XXIX.      Os rios e mares fazem cem abismos ao fluirem; assim também os reis; as águas só sabem descer; assim também as cem raças de reis. O homem perfeito, que quer o progresso do povo, fala baixo com ele. Ele fala diante do povo, e cada um caminha atrás dele (seguindo seus ensinamentos). Assim, quando o Sábio tem um posto elevado, o povo está feliz; quando ele tem um lugar na frente, o povo não sofre. Assim, todos os homens ficam satisfeitos e sérios. Como o Sábio não luta, ninguém encontra ocasião de lutar.
Quem alimenta o solo? A água. Quem arrasta consigo o solo e o transforma em limo fecundandor? A água. A água é assim o mestre e também o benfeitor do mundo. Mas porque ela preenche este papel? Porque ela ocupa sempre o plano mais baixo dos vales, e não pode fazer outra coisa do que descer. Se ela não descesse sempre para ocupar os pontos mais baixos, as terras não a seguiriam. O mesmo acontece com os reis e com todos os chefes, que são chamados a conduzir, reger e fazer prosperar as nações. O Sábio, que é o melhor dos condutores, abaixa-se para o povo para falar-lhe, e o povo só o segue na medida em que não sofre com sua superioridade. Ora, o povo não sofrerá com esta superioridade, se o Sábio, contentando-se com apresentá-la, não a impor. Não sofrendo, o povo não precisará lutar. Em resumo, o Mestre ensina que o povo não segue um homem com ardor e frutiferamente a menos que o reconheça digno de sua escolha, e que o escolha, também.
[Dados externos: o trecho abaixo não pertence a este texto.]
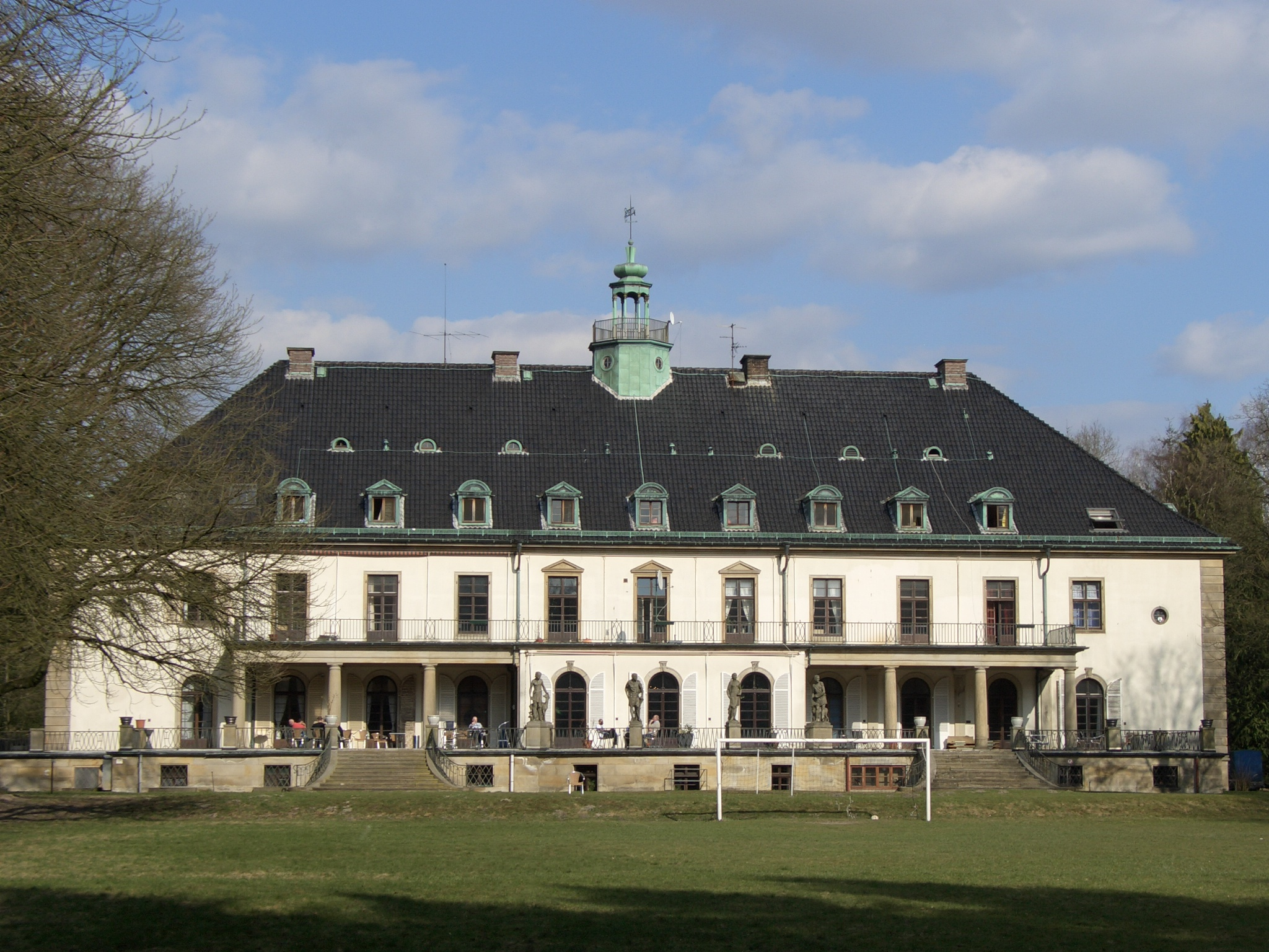 Back view of Herrenhaus Hohehorst
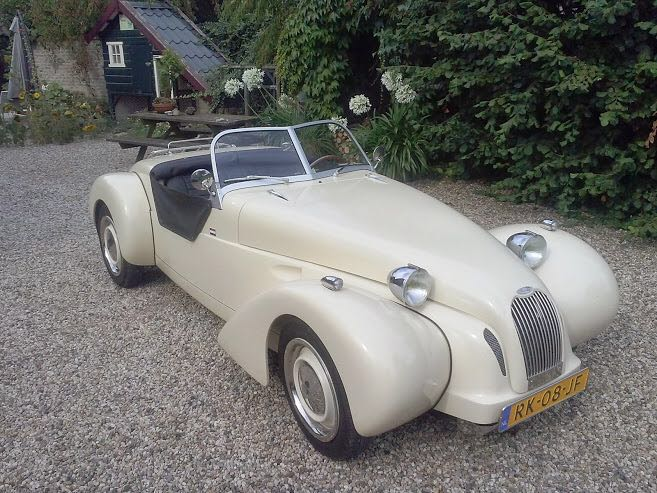 Burton kitcar frontside
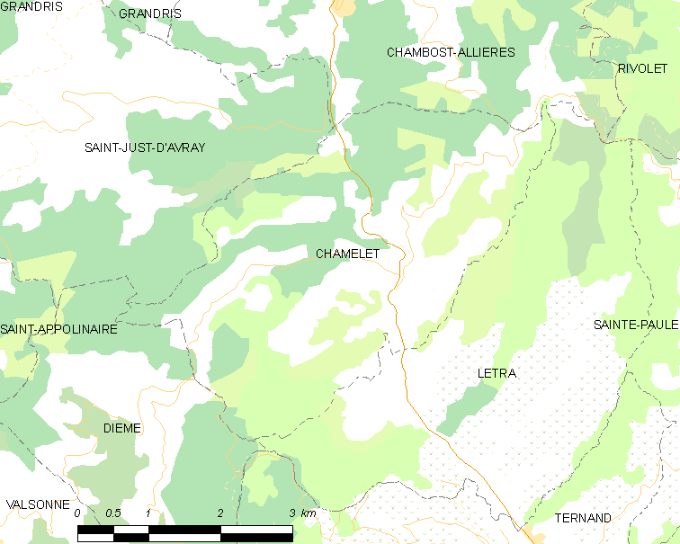 Map of French municipality
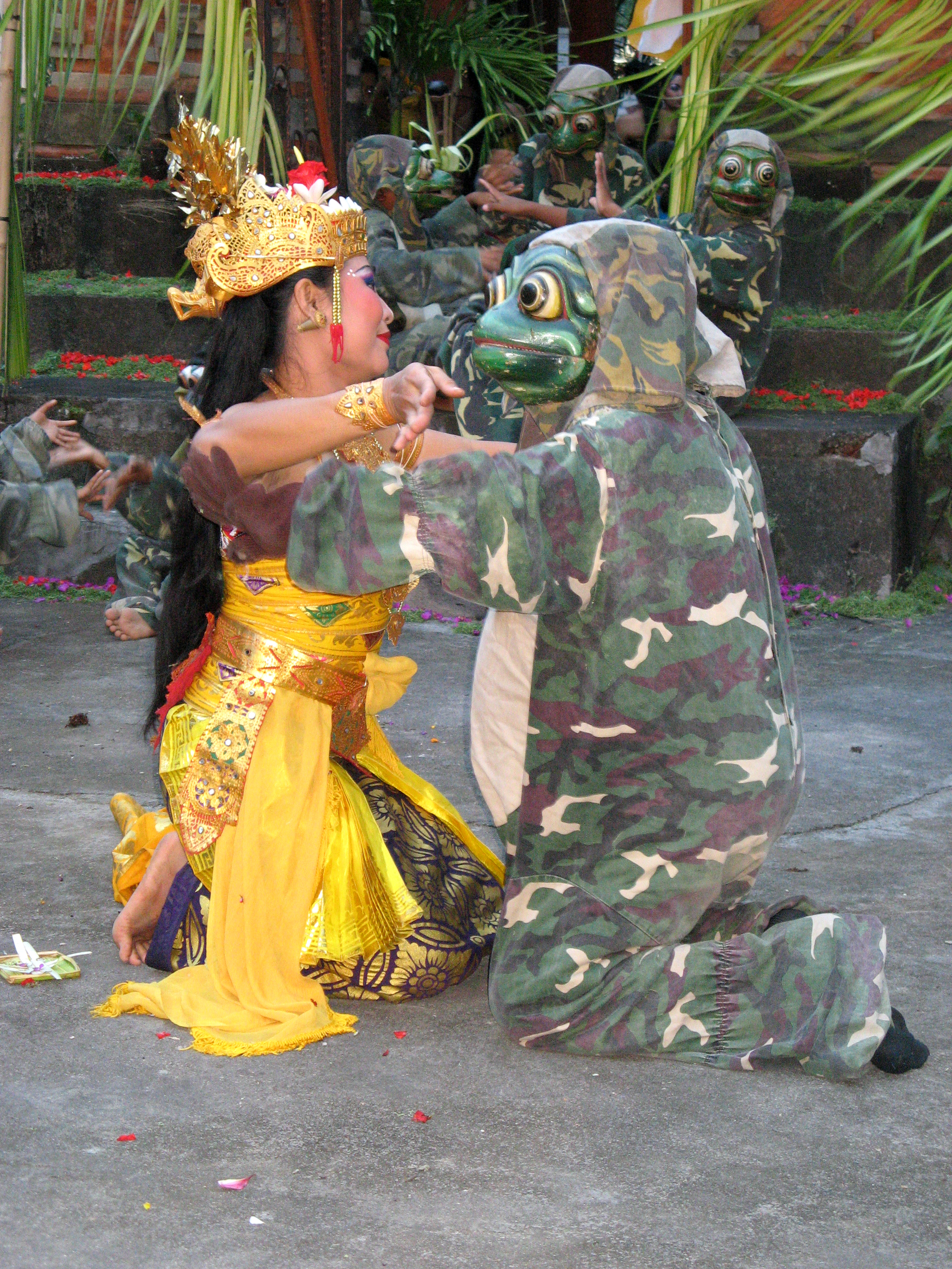 At the end of the dance, as in any good fairy tale, the frog kisses the princess.
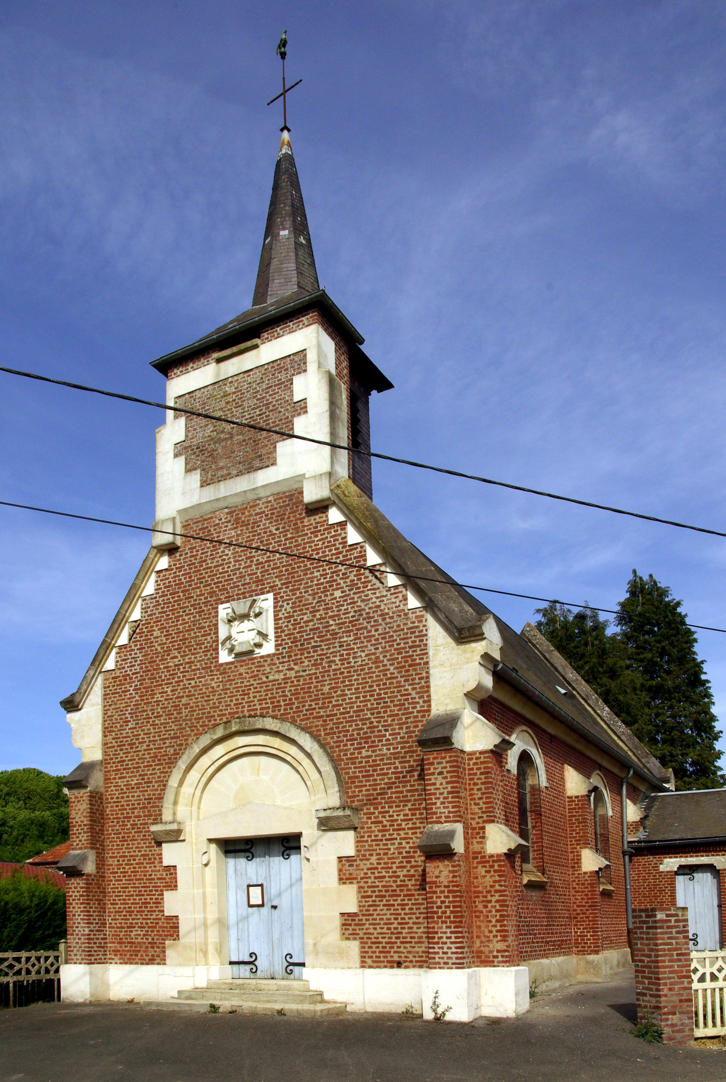 Church Coigneux
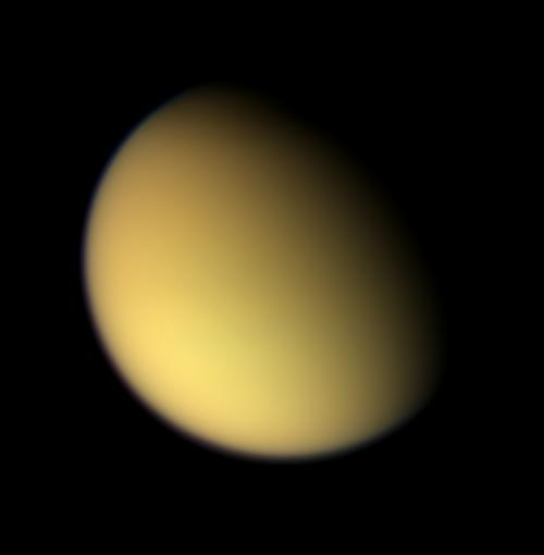 As Cassini approached Titan on Aug. 21, 2005, it captured this natural color view of the moon's orange, global smog. Titan's hazy atmosphere was frustrating to NASA Voyager scientists during the first tantalizing Titan flybys 25 years ago, but now Titan's surface is being revealed by Cassini with startling clarity (see Titan Mosaic -- East of Xanadu ). Images taken with the wide-angle camera using red, green and blue spectral filters were combined to create this color view. The images were acquired at a distance of approximately 213,000 kilometers (132,000 miles) from Titan and at a Sun-Titan-spacecraft, or phase, angle of 55 degrees. Resolution in the image is about 13 kilometers (8 miles) per pixel.
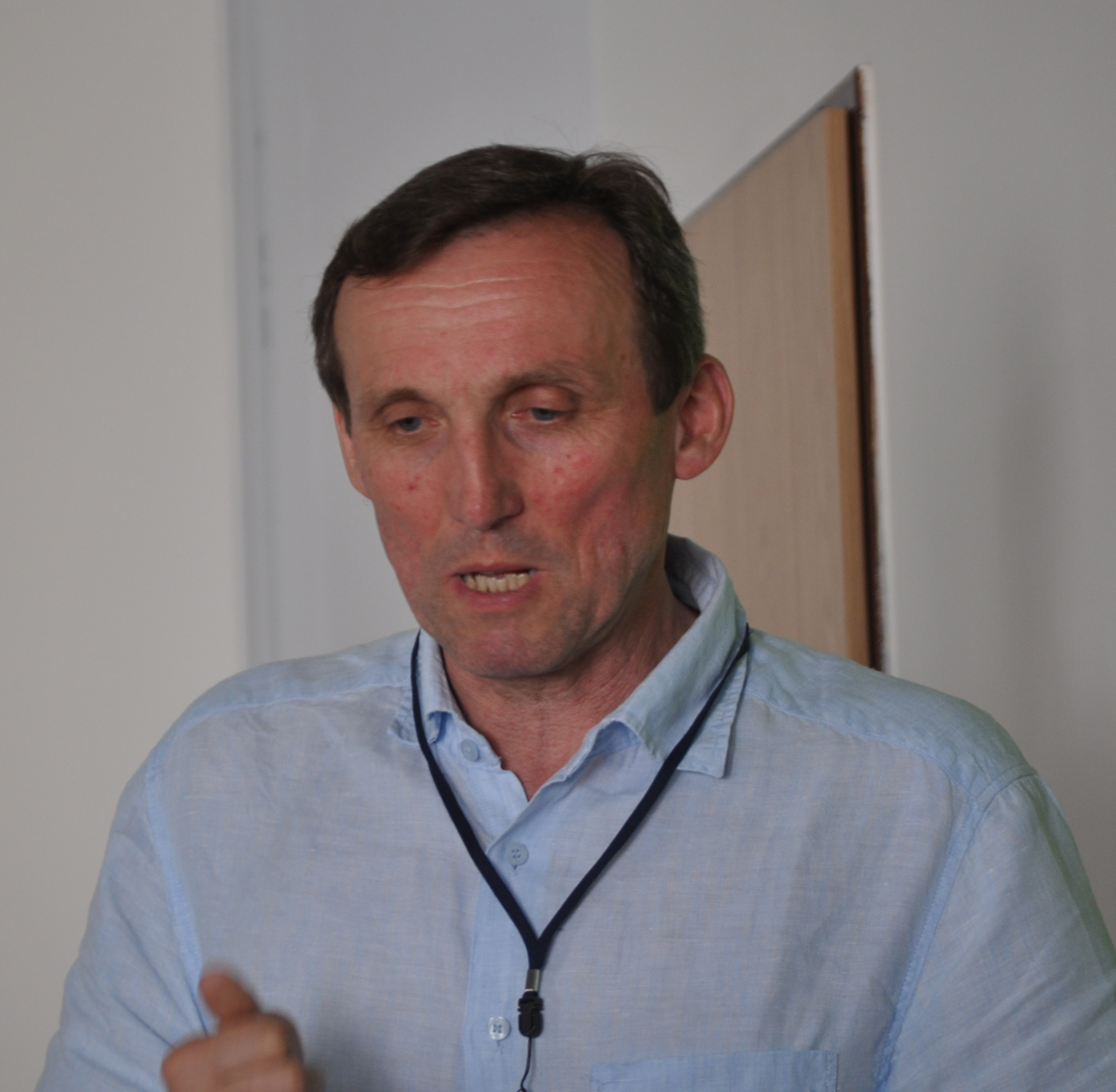 Prof. Martin Braniš during discussion afternoon organized by the Society for Sustainable Living
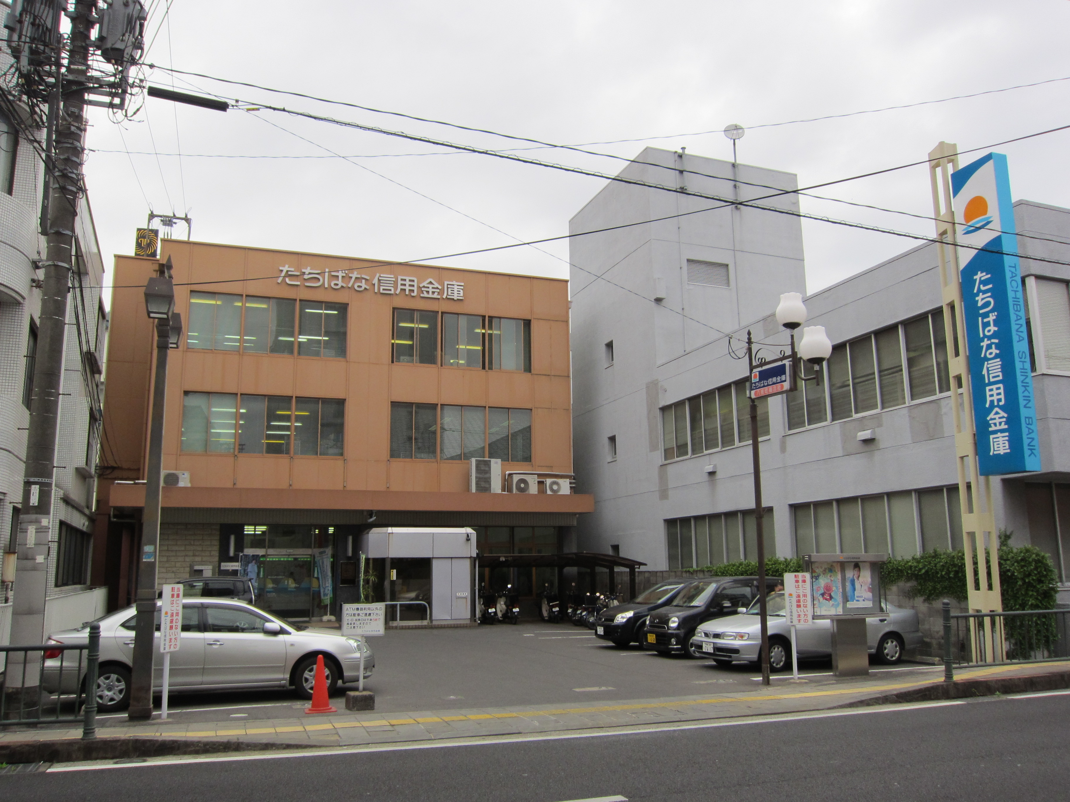 Tachibana Shinkin Bank

XXX.         Os homens acham-se grandes e semelhantes com aquilo que não diminui; se eles fossem realmente grandes, eles não diminuiriam; e no entanto eles diminuem pouco a pouco e sem cessar. Ora, nós possuímos três coisas preciosas, que guardamos ciumentamente: a primeira é o aumento da virtude; a segunda é a circunspecção; a terceira é não ousarmos nos colocar à frente dos homens. O aumento da virtude dá a força; a circunspecção dá a generosidade; não se colocar adiante dos homens permite tornar-se seu chefe. Pensar em agir, sem agir ainda, eis a força; guardar a circunspecção, eis a grandeza; guardar a humildade, eis o primeiro escalão. Na morte, este aumento prossegue, existe vantagem. Se guardarmos firmemente a virtude, o Céu protege, e traz por si mesmo uma ligeira vantagem.
Aquele que possui verdadeiramente o apanágio da grandeza não poderia jamais diminuir, pois a verdadeira grandeza não é uma qualidade, mas uma essência. Do mesmo modo, os homens, qualquer que seja sua crença a respeito, por não possuirem nada de seu além das contingências, diminuem involuntariamente, pouco a pouco, mas de modo constante. Os três dons preciosos que o Sábio retém evitam que ele sofra esta diminuição; é o crescimento da virtude, a circunspecção e a modéstia social; estas três coisas são os auxiliares graças aos quais os homens podem, sem se diminuir, percorrer o ciclo da existência humana.
Quando estas três qualidades são adquiridas pelo Sábio com o único objetivo de concorrer para sua evolução, elas lhe são vantajosas, mesmo no interior do próprio ciclo humano. Assim, ele adquire a força, a generosidade, e, como especifica a página precedente, a humilde indiferença que lhe vale o primeiro lugar em meio ao povo. E, depois de lhe terem sido úteis durante a vida, esses três bens preciosos, ajudando na passagem da individualidade presente para a individualidade superior, trazem uma vantagem verdadeiramente celeste; e esta vantagem consiste em fazer o indivíduo ingressar numa vida mais eminente, conscientemente, e com todo o benefício dos méritos adquiridos.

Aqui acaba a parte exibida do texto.